L’incomplétude de cette instance qui l’empêche d’être une authentique Cour suprême, se révèle, en ces circonstances, particulièrement dangereuse. Ce n’est pas pour rien que les Le Pen (père et fille) ont toujours attaqué le Conseil constitutionnel pour mieux renforcer leur adhésion césariste aux institutions de la V° République, ainsi que leur hostilité à la reconnaissance supra politique de droits fondamentaux. Exactement comme leur associé du moment, Eric Zemmour. En même temps, ils défendent une vision du gouvernement par référendum qui défie la séparation des pouvoirs et l'équilibre de tout régime démocratique.

La confusion qui s’est installée avec le projet de Le Pen, est à l’origine du grand chamboulement qui fait oublier la proposition de Jean-Luc Mélenchon d’avoir recours au même article 11 pour ouvrir la voie à un changement de République. Une proposition qu’Arnaud Montebourg comme Nicolas Hulot ont eux aussi défendu par le passé. Cette proposition tient compte des spécificités examinées ici sur les ambiguïtés de l’article 11. Elle est conforme à l’esprit du texte dans le droit fil de l’usage qu’en avait fait le général De Gaulle, enrichie par  les controverses constitutionnalistes qui ont suivi, confortée par les pratiques constituantes innovantes. Elle repose sur un recours à la démocratie participative vis-à-vis de laquelle le Conseil constitutionnel ne pourrait que s’incliner.

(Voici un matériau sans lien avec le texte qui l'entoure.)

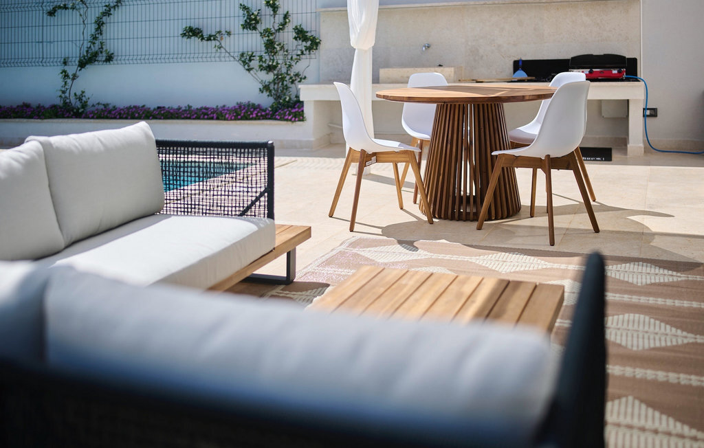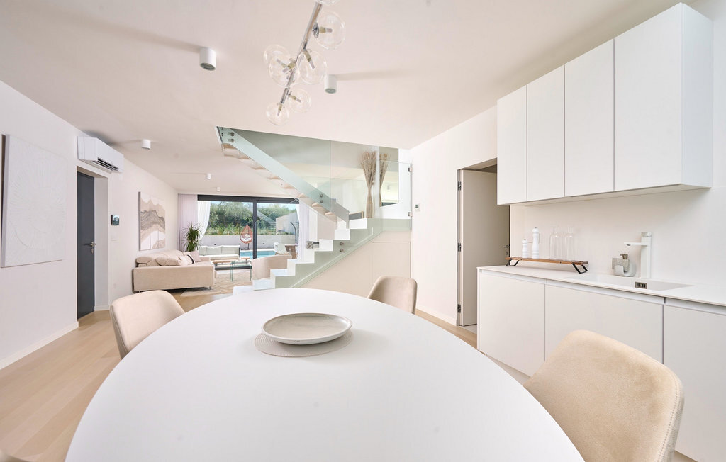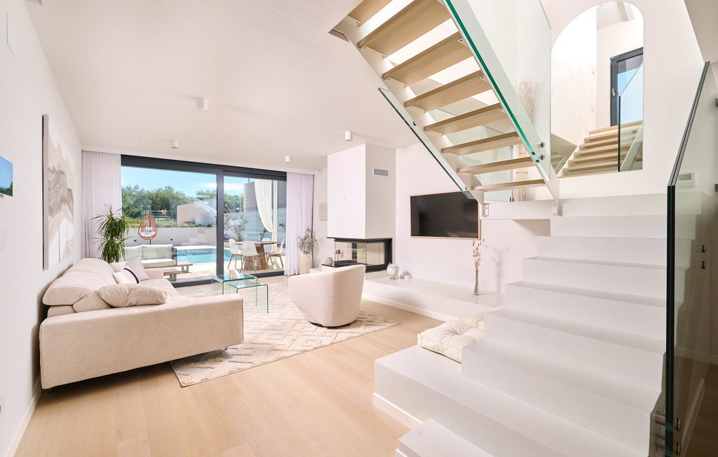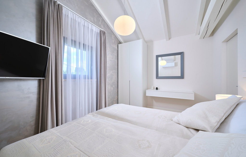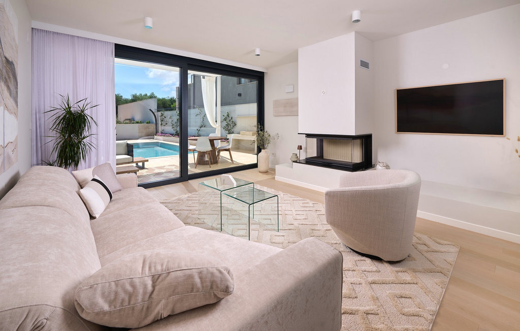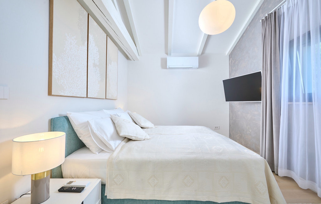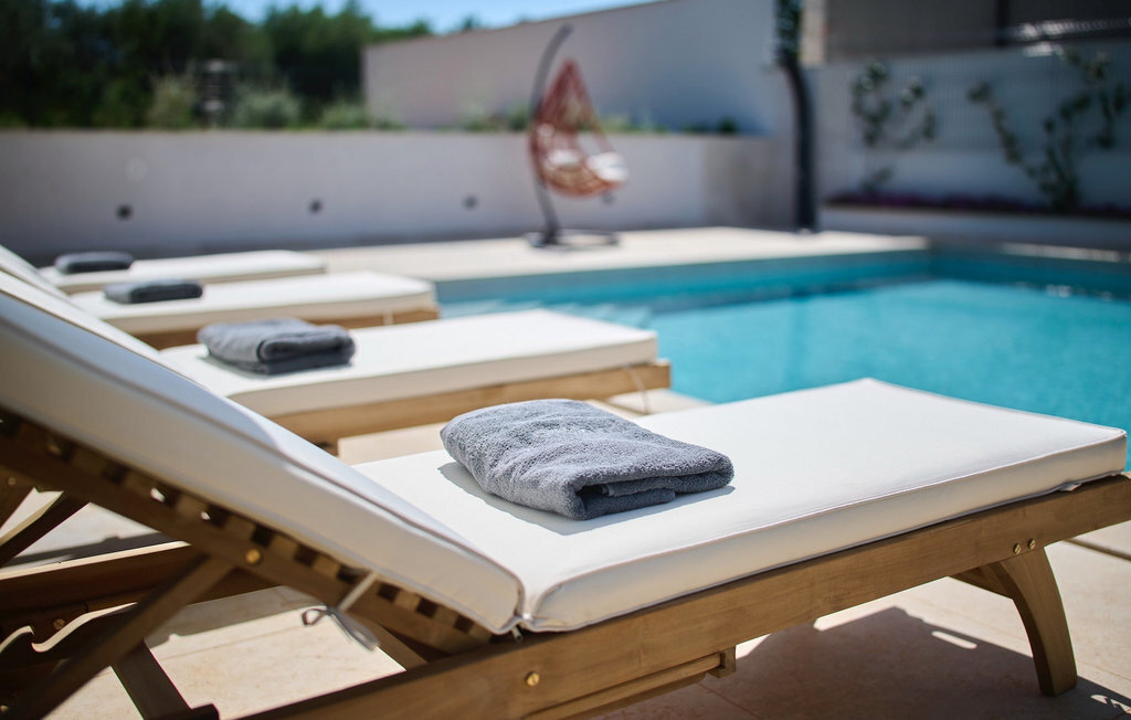 Les deux chambres se trouvent au premier étage. Les chambres sont modernes et confortables. Les deux chambres disposent d'une télévision et sont climatisées. La chambre principale offre un lit double, tandis que la deuxième chambre offre un lit double qui peut être divisé en deux lits simples. Au même étage se trouve également une salle de bain. Au rez-de-chaussée de la villa, vous trouverez un salon lumineux et moderne avec une cheminée et une télévision, ainsi qu'un coin repas et une cuisine entièrement équipée reliés dans un concept d'open space. Il y a également une autre salle de bain à l'étage. Cet espace est climatisé et idéal pour vos vacances. Le jardin de la villa offre différents endroits pour se détendre. En premier lieu, il y a une piscine privée avec des chaises longues. Pour faire une pause après un bain de soleil ou une baignade, vous pouvez profiter de la partie ombragée de la terrasse avec un coin détente juste à côté de la maison. Dans le jardin, vous trouverez également un coin repas ombragé avec une table à manger ainsi qu'un barbecue où vous pourrez exercer vos talents de cuisinier.

Cet oubli complet dans l’actuel débat public (il est assez piquant de voir aujourd'hui appelés à la rescousse des constitutionnalistes partisans du statu quo ou hostiles au moindre référendum)  de la possibilité, via l'article 11, d'un passage à un nouveau régime démocratique, respectueux de l’Etat de droit, est un désastre de plus, marqué du sceau du présidentialisme et victime du délabrement prononcé de nos institutions.

Le sens dessus dessous dans lequel nous plonge ce débat, ne doit pas effacer l’envie de passer à une 6° République. Elle devient décidément un sujet d’intérêt général. Il connaît un préalable : l’échec sans bavure de Le Pen le 24 avril.